6 really bad excuses for not dating
Some people just can’t be honest with themselves, or other people, and instead of coming clean and saying they don’t want to date they make up some very poor excuses.
It’s important to know the difference between a reason and an excuse. An excuse is used when someone is trying to dodge conflict which they fear may occur if they were honest. When it comes to dating, excuses are usually used to try and let someone down gently but the lack of clarity can actually keep people hanging on in false hope.
When you’re communicating with a match and they seem reluctant to meet up, there could be a genuine reason why. If they spin you an excuse like the ones below it’s more likely they are trying to give you the brush off (in a kind way) and maybe you should take the hint.
1. I had a great time but I’m just not ready for a relationship right now
This is the most common excuse people give after a first date if they don’t want to see the person again. Many people will avoid giving the real reason simply because don’t want to hurt the other person’s feelings. Save your dignity and don’t try and persuade someone who says this to change their mind, they have already decided.
2. I’m still getting over my ex and don’t feel ready to date again
This could be a valid reason as it’s often not until someone goes on a date that they realise how hung up on their ex they still are. When it’s an excuse they will keep their profile online and carry on dating other people. Either way, let go and move on to someone with less baggage who is interested in dating you.
3. It’s not you it’s me
This is a short-cut way of saying that you don’t want to see someone but you don’t want them to feel in any way responsible for your decision. It’s a poor excuse because it leaves the door open. You may be left feeling that because they say it’s nothing you have done, it’s worth hanging around while they sort out their issues – it isn’t. If they do sort out their stuff and want to see you, let them come and find you rather than putting your life on hold in the vain hope.
4. Evenings and weekends aren’t good for me
If evenings and weekends aren’t good for someone and you work a standard 9-5 that person is either totally incompatible with you or they are giving you the brush off.
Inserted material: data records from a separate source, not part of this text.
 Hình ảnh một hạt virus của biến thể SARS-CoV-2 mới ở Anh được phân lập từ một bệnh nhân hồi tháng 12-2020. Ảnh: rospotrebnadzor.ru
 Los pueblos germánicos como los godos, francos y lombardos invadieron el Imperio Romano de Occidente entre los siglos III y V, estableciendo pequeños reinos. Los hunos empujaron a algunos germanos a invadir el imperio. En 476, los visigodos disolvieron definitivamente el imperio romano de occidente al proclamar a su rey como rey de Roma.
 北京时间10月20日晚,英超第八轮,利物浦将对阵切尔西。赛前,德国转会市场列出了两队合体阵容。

5. I’m more comfortable getting to know you online
Many people are anxious about meeting face to face and feel more comfortable with the anonymity a computer screen provides. If, however, someone keeps making excuses not to meet up even when you have been chatting online for weeks or months, the chances are they are hiding something or have no intention of moving on to a real life relationship.
6. I am really busy
If someone is too busy to reply to messages, take calls or make a date the chances are they’re going to be too busy to develop a relationship with you even if they were to find a slot in their hectic schedule to have a date. If someone is always unavailable, make yourself busy finding a more suitable match.
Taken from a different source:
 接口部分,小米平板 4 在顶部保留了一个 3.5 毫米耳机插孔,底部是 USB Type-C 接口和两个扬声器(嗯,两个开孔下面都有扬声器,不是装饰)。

Things happen every day that can stop us from being able to commit to a date and people may have very genuine reasons why. The way to tell the difference between an ‘excuse’ and a ‘reason’ is that a reason is usually followed by a ‘solution’ whereas an excuse isn’t. e.g. ‘Sorry I am really busy this month but would love to meet you next month,’ is a reason whereas, ‘Sorry work is really hectic at the moment so I can’t make a date,’ is an excuse. Learn to tell the difference and you could save yourself a lot of wasted time and effort trying to engage with people who simply aren’t interested.